# Meow fellow cat lovers



## LallaB (Sep 22, 2004)

Hi everyone!  
My name is Brook and my kitten is Tweak. We live in Baton Rouge, Louisiana. I have been browsing the forum for a few weeks now and thought I should introduce myself. I am a first time cat owner and was curious about their interesting behavior. I never thought I'd end up owning a cat since my husband hated them, but things do change! Tweak was an extremely unhelathy kitten and was found in late June at about 6-7 weeks old. My boss's wife took her in and brought her to the vet, but she couldn't keep her so I volunteered to watch her while she was out of town. She said we could have her if we wanted, but I tried to stay detached because I just knew my husband wouldn't want to keep her. But we fell in love and it was actually my husband's decision to keep her. She has been through quite a bit but she is now very happy and healthy. Today she is getting spayed and I cried when I left her because she has to stay overnight. I'm such a big softie. She is a beautiful Siamese mix. I have some pictures...I'll have to scan them to post because I don't own a digital camera yet. 

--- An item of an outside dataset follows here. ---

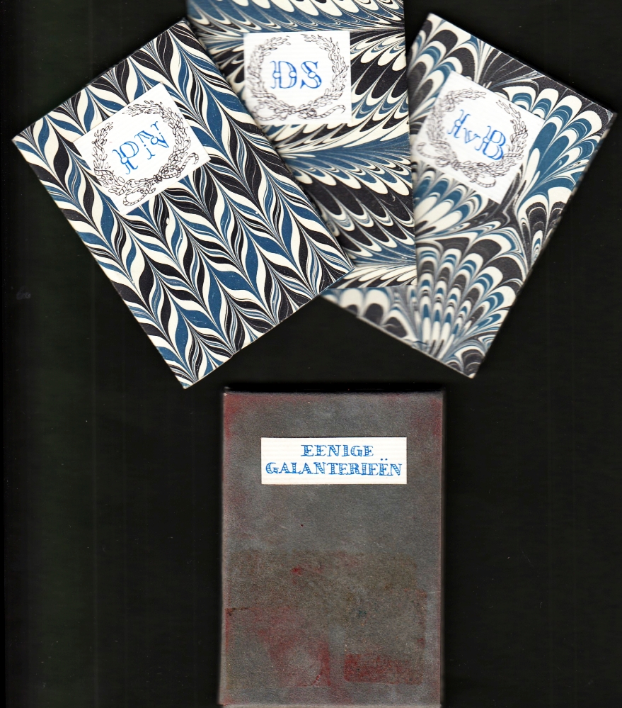 5. BROEKHUIZEN, Johan van, Pieter NIEUWLAND & Dirk SMITS Eenige galanterieën. (Drie miniboekjes in foedraal). Utrecht, De Utrechtsche, 1980. 75 x 53 mm. Drie geniete boekjes met marmeromslagje, samen in fluweelbekleed foedraal. Elk boekje bevat een frontispice en enkele galante gedichten uit de 18e eeuw. Gedrukt in ruim 300 genummerde exemplaren. 1e uitgave. Het foedraal heeft wat rode vlekken opgelopen (lipstick?).

I really like this site and have found it extrememly helpful to understand my kittens behavior. I hope to be posting more in the future, but I only have internet access at work so you'll only hear from me Mon-Fri. 8-5. I'll get my pics scanned this weekend and post on Monday.


----------



## rosalie (Oct 9, 2003)

Welcome to the forums Brook and Tweak  ..looking forward to the photos


----------



## 22Raiynee22 (Aug 13, 2004)

*welcome*

YES!!! LOTS of photos!!!!   Hehe! Welcome to the forum!


----------



## Jeanie (Jun 18, 2003)

Brook, That's a wonderful story! Cats have a way of winning people over, don't they? I'm glad you finally decided to post. We'll be looking for the pictures and you on Monday!


----------



## Sam (Jul 8, 2003)

Welcome to Cat Forum. Can't wait to see pics of Tweak.


----------



## kitkat (Sep 22, 2003)

Welcome to the forum Brook. Can't wait to see pictures of Tweak, we are picture freaks here :lol:


----------



## Lori (Jun 8, 2003)

Hi Brook, and welcome to the forum!


----------



## jessamica8 (Aug 17, 2004)

Hi Brook, wlecome! I'm glad you helped out this poor kitty and fell in love!


----------



## Mitts & Tess (Sep 4, 2004)

Welcome to Cat Forum Brook and Tweak. I love the story how Tweak won your husband over. Kittens are so much fun. Looking forward to hearing all about her! Hope her spaying went smooth.


----------



## CyberPet (May 12, 2004)

Thanks for sharing your story and WARM welcome to the forum!


----------



## LallaB (Sep 22, 2004)

Thanks for all the warm welcomes! 

Tweak is now in the gallery...enjoy! The pics are all from the end of July til mid Sept. 

I'm kind of a freak when it comes to taking pictures, so you'll see plenty more in the future. 

If I only had a digital...I think Tweak would hide it from me.


----------